Total possible 3-card combinations: $C(52, 3) = \frac{52!}{3!49!} = 22{,}100$
Favorable combinations (all face cards): $C(12, 3) = \frac{12!}{3!9!} = 220$
Probability:
$$ P(\text{3 face cards}) = \frac{C(12, 3)}{C(52, 3)} = \frac{220}{22{,}100} \approx 0.00995 $$So there’s about a 1% chance — a great demonstration of how combinatorics directly enables probability computation.
🧠 Step 4: Assumptions or Key Ideas
- Every item or outcome is distinct.
- The total set size ($n$) is known and finite.
- When sampling, each selection is equally likely.
- “With/without replacement” determines independence between draws.
⚖️ Step 5: Strengths, Limitations & Trade-offs
- Provides the foundation for all discrete probability calculations.

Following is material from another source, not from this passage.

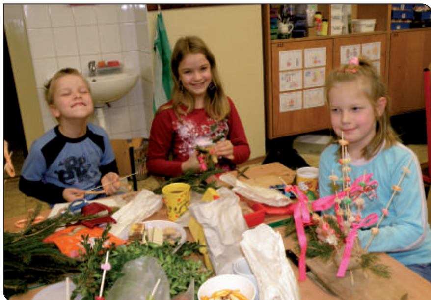
Adventní dílny 1. B

- Enables exact reasoning for complex random setups.
- Reduces brute-force enumeration to neat formulas.
- Grows combinatorially — numbers explode quickly for large $n$.
- Assumes perfect randomness (real data often isn’t).
- Hard to apply directly in continuous or dependent systems.
🚧 Step 6: Common Misunderstandings
🚨 Common Misunderstandings (Click to Expand)
- Confusing permutations with combinations: → Remember: order matters in permutations, not in combinations.
- Forgetting replacement rule: → It drastically changes total outcomes. Always ask: “Do I put the item back?”
- Using $n!$ blindly: → Factorials grow huge; always simplify using division (like $C(n, r)$).
🧩 Step 7: Mini Summary
🧠 What You Learned: Combinatorics is how we count possibilities — permutations for order, combinations for groups, and binomial coefficients to bridge both.
⚙️ How It Works: It uses factorial-based formulas to quantify how many distinct ways outcomes can occur under given rules.
🎯 Why It Matters: Without combinatorics, probability has no denominator — it’s the skeleton of uncertainty modeling.